From the listing below, copy only the lines running from the line that contains "Deputy Mayor Gibson, AFRS" to the line that contains "Решения домашних заданий", both included.

*** Opening of Material to process ***

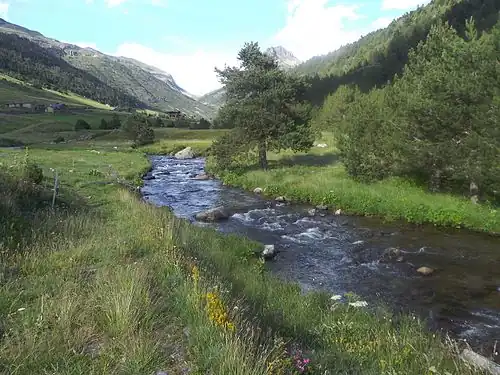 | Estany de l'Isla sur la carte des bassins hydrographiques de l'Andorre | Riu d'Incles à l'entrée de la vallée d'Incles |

*** Close of Material to process ***
*** Opening of Material to process ***

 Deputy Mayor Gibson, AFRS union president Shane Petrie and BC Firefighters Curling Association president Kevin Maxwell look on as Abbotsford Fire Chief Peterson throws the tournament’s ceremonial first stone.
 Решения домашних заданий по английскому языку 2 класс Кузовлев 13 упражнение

*** Close of Material to process ***

Response to the task:
 Deputy Mayor Gibson, AFRS union president Shane Petrie and BC Firefighters Curling Association president Kevin Maxwell look on as Abbotsford Fire Chief Peterson throws the tournament’s ceremonial first stone.
 Решения домашних заданий по английскому языку 2 класс Кузовлев 13 упражнение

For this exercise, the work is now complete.